TRY IT: Copy word for word the lines in the records below, starting at the line with "Akibat peristiwa bentrokan" and ending at the line with "Diese romantische, weiße". Skip the pictures.

INPUT:
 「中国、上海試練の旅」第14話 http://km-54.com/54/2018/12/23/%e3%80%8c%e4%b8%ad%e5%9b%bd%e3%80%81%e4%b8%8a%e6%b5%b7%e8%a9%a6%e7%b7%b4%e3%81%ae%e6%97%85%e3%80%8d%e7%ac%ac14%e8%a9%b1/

---

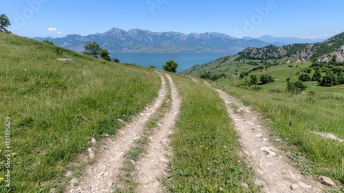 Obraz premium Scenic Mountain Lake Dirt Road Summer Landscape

...

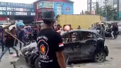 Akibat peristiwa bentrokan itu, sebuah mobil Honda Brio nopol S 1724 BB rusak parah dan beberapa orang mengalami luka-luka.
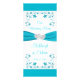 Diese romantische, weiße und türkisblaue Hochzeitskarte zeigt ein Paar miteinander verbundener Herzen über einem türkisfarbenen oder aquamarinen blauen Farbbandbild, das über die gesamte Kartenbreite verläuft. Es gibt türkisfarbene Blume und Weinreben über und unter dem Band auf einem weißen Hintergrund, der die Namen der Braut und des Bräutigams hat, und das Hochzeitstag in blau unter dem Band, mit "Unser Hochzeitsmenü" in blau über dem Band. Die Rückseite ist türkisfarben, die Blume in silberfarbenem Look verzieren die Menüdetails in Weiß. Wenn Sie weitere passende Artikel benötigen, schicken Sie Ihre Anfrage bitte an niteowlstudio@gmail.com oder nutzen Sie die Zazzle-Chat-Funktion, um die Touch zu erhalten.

PROBLEM SOLUTION:
 Akibat peristiwa bentrokan itu, sebuah mobil Honda Brio nopol S 1724 BB rusak parah dan beberapa orang mengalami luka-luka.
 Diese romantische, weiße und türkisblaue Hochzeitskarte zeigt ein Paar miteinander verbundener Herzen über einem türkisfarbenen oder aquamarinen blauen Farbbandbild, das über die gesamte Kartenbreite verläuft. Es gibt türkisfarbene Blume und Weinreben über und unter dem Band auf einem weißen Hintergrund, der die Namen der Braut und des Bräutigams hat, und das Hochzeitstag in blau unter dem Band, mit "Unser Hochzeitsmenü" in blau über dem Band. Die Rückseite ist türkisfarben, die Blume in silberfarbenem Look verzieren die Menüdetails in Weiß. Wenn Sie weitere passende Artikel benötigen, schicken Sie Ihre Anfrage bitte an niteowlstudio@gmail.com oder nutzen Sie die Zazzle-Chat-Funktion, um die Touch zu erhalten.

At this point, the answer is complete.